BEGIN Excerpted records
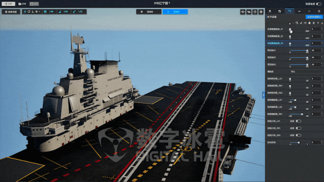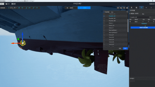 (2)动力系统:位于水下的螺旋桨同样被赋予了数据驱动能力。我们为其定义了"转速"关节。通过接入动力系统的输出参数,该关节的数值变化可以驱动螺旋桨模型做出相应转速的旋转动画,直观反映航母从停泊、巡航到最高航速的动力状态变化。
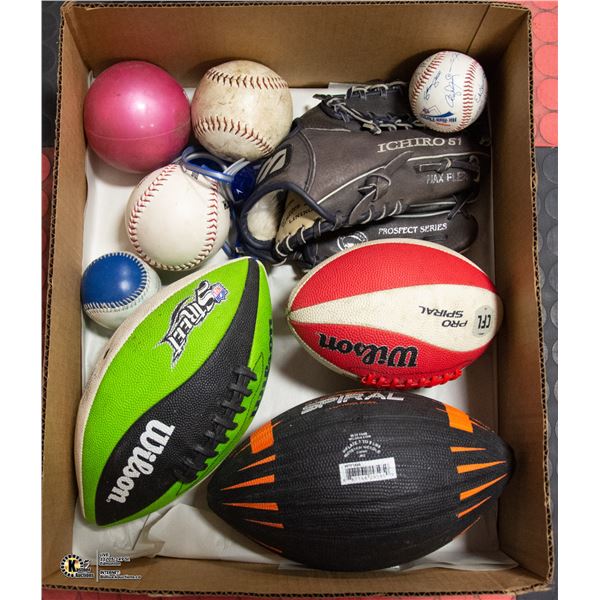 51 MAX FLEX LEFT HAND BASEBALL GLOVE - 3 WILSON FOOTBALLS, 2 SOFTBALLS, 2 BASEBALLS, WEIGHT BALL, SWIM GOGGLES, ETC.
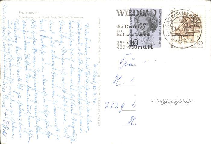 72114836 alte Postkarte Wildbad Schwarzwald Enzterrasse Cafe Restaurant Hotel postalisch gelaufen Erhaltung siehe scans KatCode: 11110008235079
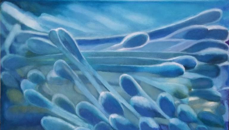 a long unnaturally enlarged rendition of Q-tips as part of my still life series with a relation to my outdoor still life pieces through format and size
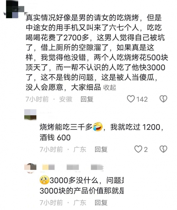 在这些朋友的"热情"邀请下,男子也没有拒绝,他们一起开心地烧烤、喝酒,当他们结束用餐准备结账的时候,才发现原本以为只花了几百元的消费,竟然飙升到了2700元,而且这个庞大的账单并不是男子和女子两个人的消费。
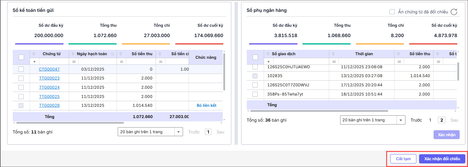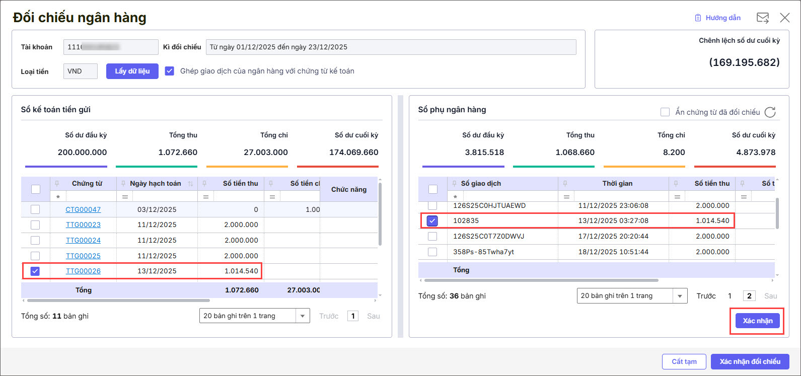 Bước 6: Sau khi đã chọn các cặp chứng từ/giao dịch khớp nhau, nhấn Xác nhận để xác nhận liên kết giữa các chứng từ/giao dịch này.
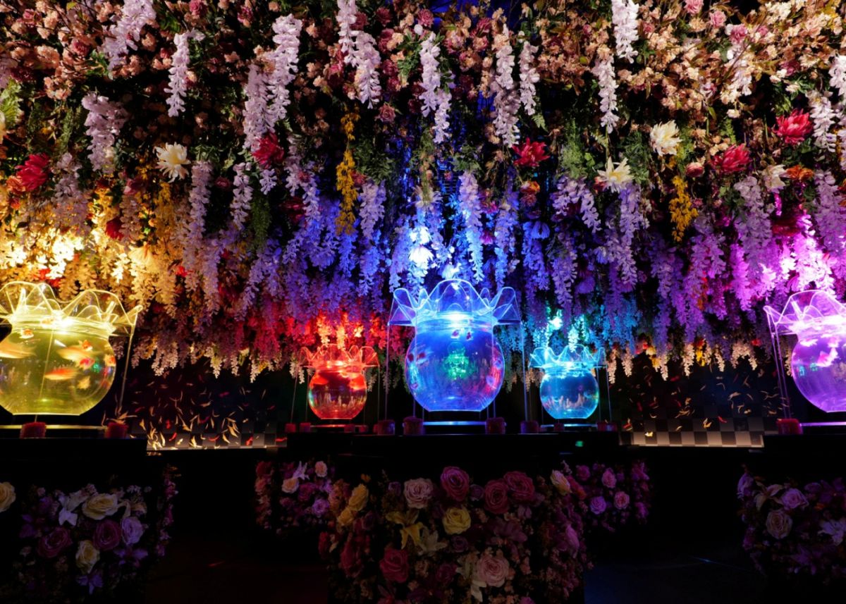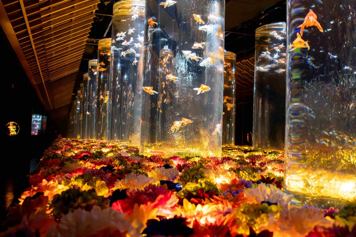 金魚×花のコラボレーションを鮮やかに演出した「Flower Aquarium Gala ~金魚と花の彩展~」。非現実的な幻想世界が広がる「アートアクアリウム美術館 GINZA」で、忘れられない冬の思い出を作りませんか?。
END Excerpted records
What is needed: Output only the stretch above from the line with "51 MAX FLEX" through the line with "72114836 alte Postkarte", reproduced exactly. Exclude pictures.

Reply:
 51 MAX FLEX LEFT HAND BASEBALL GLOVE - 3 WILSON FOOTBALLS, 2 SOFTBALLS, 2 BASEBALLS, WEIGHT BALL, SWIM GOGGLES, ETC.
 72114836 alte Postkarte Wildbad Schwarzwald Enzterrasse Cafe Restaurant Hotel postalisch gelaufen Erhaltung siehe scans KatCode: 11110008235079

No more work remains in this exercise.